1
0
mirror of https://github.com/HorlogeSkynet/systemd-hardene.d.git synced 2026-04-18 05:10:45 +02:00
Files
systemd-hardene.d/docs/systemd_service_hardening.md
2026-04-13 22:20:42 +02:00

28 KiB

Security and hardening options for systemd service units

A common and reliable pattern in service unit files could be :

[Service]
MemoryDenyWriteExecute=yes

NoNewPrivileges=yes

PrivateBPF=yes
PrivateDevices=yes
PrivateIPC=yes
PrivateTmp=yes

ProtectClock=yes
ProtectControlGroups=yes
ProtectHome=read-only
ProtectHostname=yes
ProtectKernelLogs=yes
ProtectKernelModules=yes
ProtectKernelTunables=yes
ProtectProc=noaccess
ProcSubset=pid
ProtectSystem=strict

RestrictAddressFamilies=AF_INET AF_INET6 AF_UNIX
RestrictNamespaces=yes
RestrictRealtime=yes
RestrictSUIDSGID=yes

LockPersonality=yes
SystemCallArchitectures=native

But there's so much more you can do. Here are some security-related options excerpting and linking to their corresponding documentation from systemd's manual pages :

[Unit]

  • ConditionPathIsEncrypted : Checks that the underlying file system's backing block device is encrypted using dm-crypt/LUKS.
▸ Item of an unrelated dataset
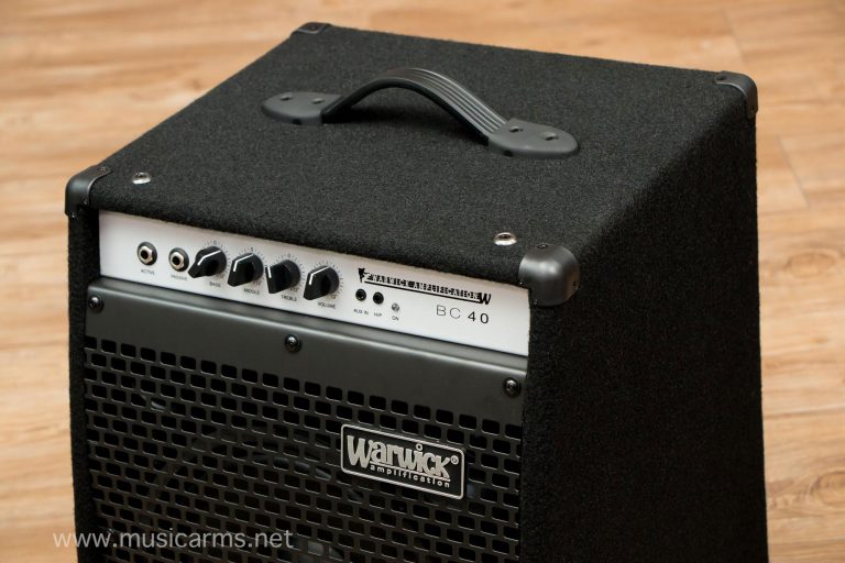 Warwick BC40 แอมป์เบสเสียงแน่นๆจากค่ายเบสดังอย่าง Warwick ที่คลุกคลีกับเบสไฟฟ้ามาอย่างยาวนาน รุ่นนี้เป็นแอมป์ที่มีขนาดใหญ่ขึ้นมาอีกนิดจากรุ่น BC20 เพราะใช้กำลังไฟ 40 วัตต์โดยเพิ่มขนาดดอกลำโพงให้ใหญ่ขึ้นเป็น 10 นิ้ว และยังมีลำโพงตัวเล็กแบบรับความถี่เสียงได้ดีอีก 1 ตัว ขนาด 2 นิ้ว จึงทำให้ซาวด์ออกมาแน่น ชัดทุกเม็ด สามารถปรับ EQ ได้ 3 ย่านเสียงเพื่อตอบรับกับดนตรีในทุกๆแนวและยังใส่ระบบ DDL ที่ตัดเสียงแตกเมื่อมีการเปิดโวลุ่มที่ดังเกินไปอีกด้วย ทำให้มือเบสมั่นใจได้ในคุณภาพซาวด์ที่ออกมาจากตู้

  • ConditionSecurity : May be used to check whether the given security technology is enabled on the system. Supported values are selinux, apparmor, tomoyo, smack, ima, audit, uefi-secureboot, tpm2, cvm and measured-uki. The test may be negated by prepending an exclamation mark.

[Service]

Capabilities

  • AmbientCapabilities : Controls which capabilities to include in the ambient capability set for the executed process. Takes a whitespace-separated list of capability names, e.g. CAP_SYS_ADMIN, CAP_DAC_OVERRIDE, CAP_SYS_PTRACE.

  • CapabilityBoundingSet : Controls which capabilities to include in the capability bounding set for the executed process. See capabilities(7) for details. Takes a whitespace-separated list of capability names, e.g. CAP_SYS_ADMIN, CAP_DAC_OVERRIDE, CAP_SYS_PTRACE.

Devices

  • DeviceAllow : Control access to specific device nodes by the executed processes. Takes two space-separated strings: a device node specifier followed by a combination of r, w, m to control reading, writing, or creation of the specific device nodes by the unit (mknod), respectively. When access to all physical devices should be disallowed, PrivateDevices= may be used instead (see below).

  • DevicePolicy : Control the policy for allowing device access. It accepts :

    • strict means to only allow types of access that are explicitly specified
    • closed in addition, allows access to standard pseudo devices including /dev/null, /dev/zero, /dev/full, /dev/random, and /dev/urandom
    • auto (default) in addition, allows access to all devices if no explicit DeviceAllow= is present
  • PrivateDevices : If set, sets up a new /dev/ mount for the executed processes and only adds API pseudo devices such as /dev/null, /dev/zero or /dev/random (as well as the pseudo TTY subsystem) to it, but no physical devices such as /dev/sda, system memory /dev/mem, system ports /dev/port and others. This is useful to turn off physical device access by the executed process.

Filesystem

  • ProtectHome : Takes a boolean argument or the special values read-only or tmpfs. If true, the directories /home/, /root, and /run/user are made inaccessible and empty for processes invoked by this unit. If set to read-only, the three directories are made read-only instead. If set to tmpfs, temporary file systems are mounted on the three directories in read-only mode. The value tmpfs is useful to hide home directories not relevant to the processes invoked by the unit, while still allowing necessary directories to be made visible when listed in BindPaths= or BindReadOnlyPaths=. Setting this to yes is mostly equivalent to setting the three directories in InaccessiblePaths=. Similarly, read-only is mostly equivalent to ReadOnlyPaths=, and tmpfs is mostly equivalent to TemporaryFileSystem= with :ro.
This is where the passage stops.